I take family favourites and just make them healthier
NUTRITIONIST Mandy Sacher is no stranger to fussy children and mealtime chaos. But it’s not her two children who give her the biggest challenge. The Sydney author of Wholesome Child (pictured left) has helped thousands of Australian families tackle the tricky topic of family mealtimes. She says fussy eaters, time stress at mealtimes and lunch-box solutions are her most referred problems.
“Meals happen three times a day, so they have a big and constant impact,” she says. “What I hear most often is that parents have no time, there is a prevalence of junk food on the menu and a high degree of food refusal. Lack of dinnertime inspiration is another big one. One of the main things I help parents with is how to expand a child’s food options and my approach is to stretch them little by little.
“If you try to overhaul a family’s diet in one swift move, it becomes overwhelming for the family and too difficult to implement.”
Sacher’s one-on-one approach starts with a family providing a three-day food diary which allows her to see where the deficiencies lie and to create changes that won’t be too drastic.

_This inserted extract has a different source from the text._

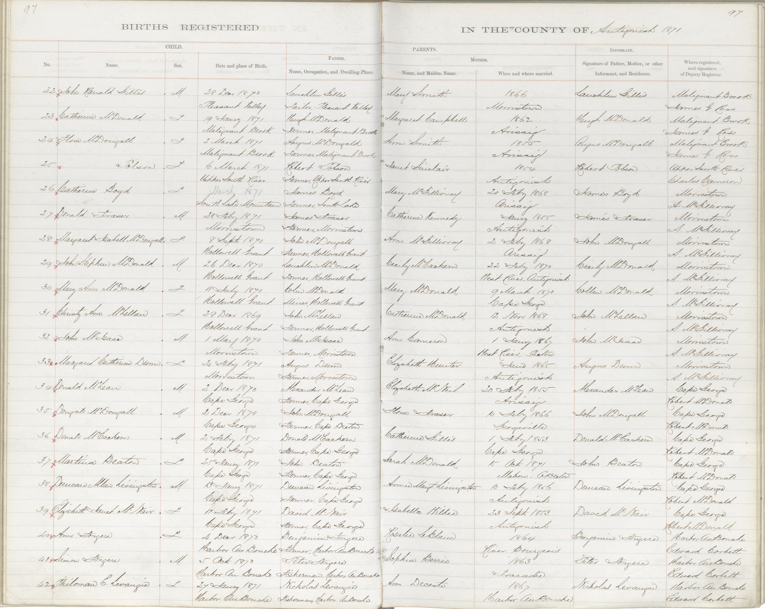 Birth Registration: Year: 1870 book: 1802 page: 97 number: 22

“I take family favourites and just make them healthier, like fish fingers made with salmon, or chicken nuggets with the addition of cauliflower. I once had an extreme case of an eight- month-old child who was only eating red velvet mud cake. I got the parents to try my black bean brownie recipe and the mother later told me I’d saved her life,” she says.

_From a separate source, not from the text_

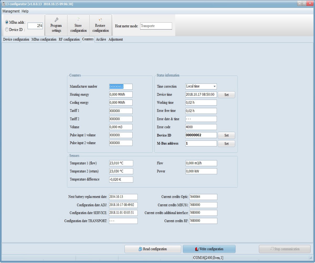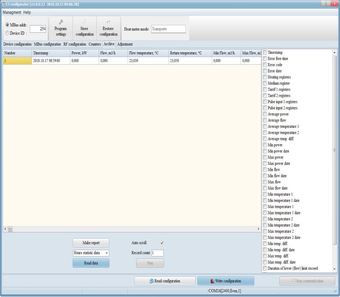 Ví dụ: Heatmeter mode: Mode not read !!! - Cửa sổ chương trình Device configuration hiển thị cấu hình đồng hồ đã đọc.

Sacher says there are also many ways to make a main meal into a lunch box favourite — leftover mac’n’cheese into cupcake holders for the next day; roast beef sliced thin for sandwiches and wraps; leftover steamed vegies mixed with pasta and cheese or rice for fried rice.
“Try wherever possible to make a multi-tasking meal and cook double batches to freeze leftovers, it doesn’t take much longer than cooking a single batch,” she says.